BEGIN

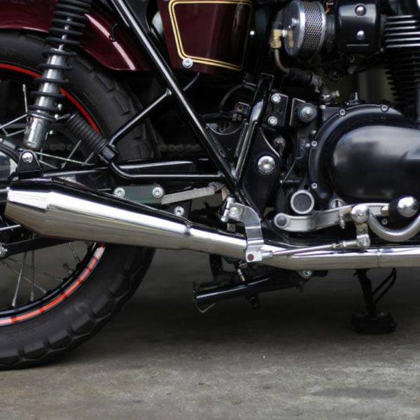 手曲げエキゾーストパイプは、戦前の英国モーターサイクル同様の柔らかな曲線美を描きます。
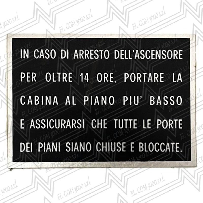 TARGA IN CASO DI ARRESTO DELL'ASCENSORE PER OLTRE 14 ORE - PER IMPIANTO OLEODINAMICO 110X80mm
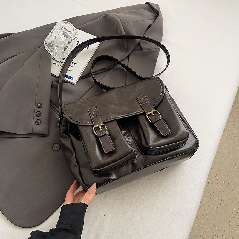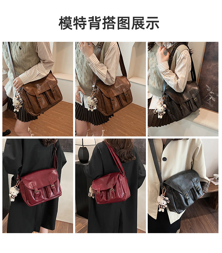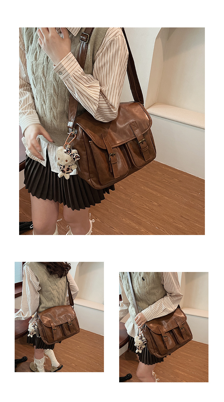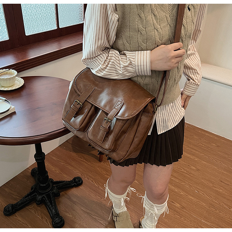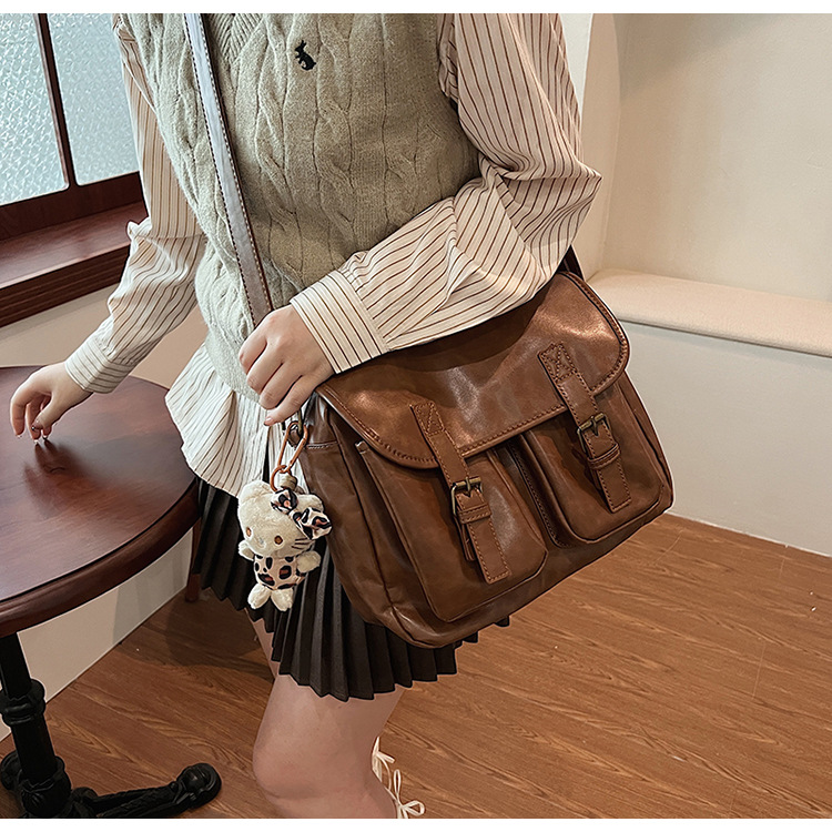 2024 일본 스타일 대학 스타일 크로스 바디 백 쿨 대용량 간단한 PU 레트로 숄더 백 학생 클래스 가방스토어 가기

END

◆ **Exercise**: Could you give back the full listing word for word, leaving out the images?

◆ **Expected answer**:
 手曲げエキゾーストパイプは、戦前の英国モーターサイクル同様の柔らかな曲線美を描きます。
 TARGA IN CASO DI ARRESTO DELL'ASCENSORE PER OLTRE 14 ORE - PER IMPIANTO OLEODINAMICO 110X80mm
 2024 일본 스타일 대학 스타일 크로스 바디 백 쿨 대용량 간단한 PU 레트로 숄더 백 학생 클래스 가방스토어 가기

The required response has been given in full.